Europe Gas Stress Index (EGSI)

Historical snapshot for February 14, 2026

🔥 Europe Gas Stress Index:
44 / 100 (ELEVATED)
0 = minimal stress · 100 = extreme market stress
7-Day Trend: Stable (+0)
Date: 2026-02-14

Primary Risk Drivers:

  • ALERT
    GAS Risk Rising in Europe (5.0% contribution)
  • ALERT
    Europe Geo-Energy Risk Spike (5.0% contribution)
  • ALERT
    EU Gas Storage Below Seasonal Norm: 34.0% (-16.0% deviation) (4.8% contribution)

(Based on recent EnergyRiskIQ alerts) View alerts →

Chokepoint Watch:

  • No active chokepoint alerts

Today’s EGSI-M reading signals a phase of elevated stress in Europe’s gas market, with a constellation of early warning signs demanding closer attention from market participants. This uptick in market tension is particularly salient for TTF pricing, which is likely to remain volatile as traders adjust to tightening fundamentals and a more risk-sensitive environment. The pronounced deficit in EU gas storage—now at just 34%, a substantial 16 percentage points below the seasonal norm—raises immediate concerns about the region’s capacity to meet late-winter demand. For industrial consumers and utilities, the combination of diminished storage buffers and rising market anxiety heightens the risk of price spikes or even localized supply constraints, especially if cold spells persist or further disruptions materialize.

Dissecting the underlying drivers, today’s index reflects an acute increase in both asset and regional risk across the European gas network. The “GAS Risk Rising in Europe” headline underscores mounting uncertainties around infrastructure reliability and supply continuity, possibly linked to recent maintenance issues or renewed geopolitical strains. Compounding this, the “Europe Geo-Energy Risk Spike” points to broader vulnerabilities—potentially stemming from political instability in key supplier regions or shifts in contractual flows—that could reverberate through interconnected markets. The most immediate pressure, however, emanates from the undersupplied storage situation, which amplifies both price sensitivity and operational risk for the remainder of the withdrawal season.
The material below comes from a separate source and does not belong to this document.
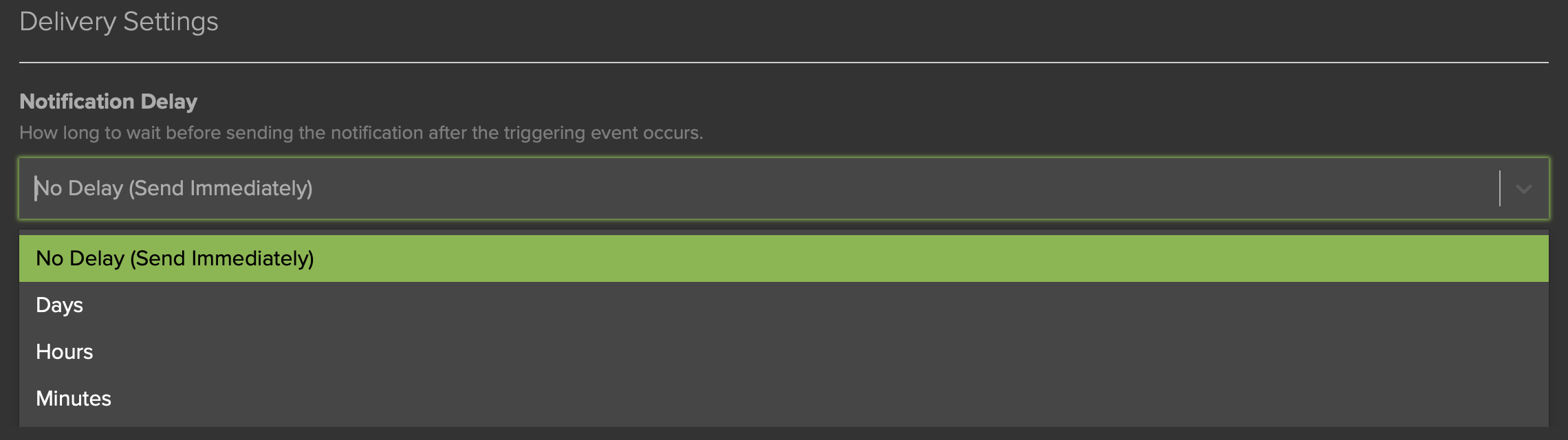 The Notification Delay (Fig. 5) option allows you to set how long the system waits after the triggering event has occurred before the Notification is sent. It can be sent immediately, or after any number of days, hours, or minutes has passed.

The absence of a chokepoint factor today offers some relief, indicating that physical transmission routes remain open, but the high asset transmission stress highlights latent fragilities that could escalate rapidly if circumstances deteriorate.

Looking ahead, market participants should closely monitor weather forecasts, storage withdrawal rates, and any emerging supply-side disruptions. With inventories running well below average, even modest cold snaps or unplanned outages could trigger outsized price movements and force industrial demand curtailments. Conversely, a sustained spell of mild weather or unexpected LNG arrivals could offer temporary respite, but such relief is far from guaranteed.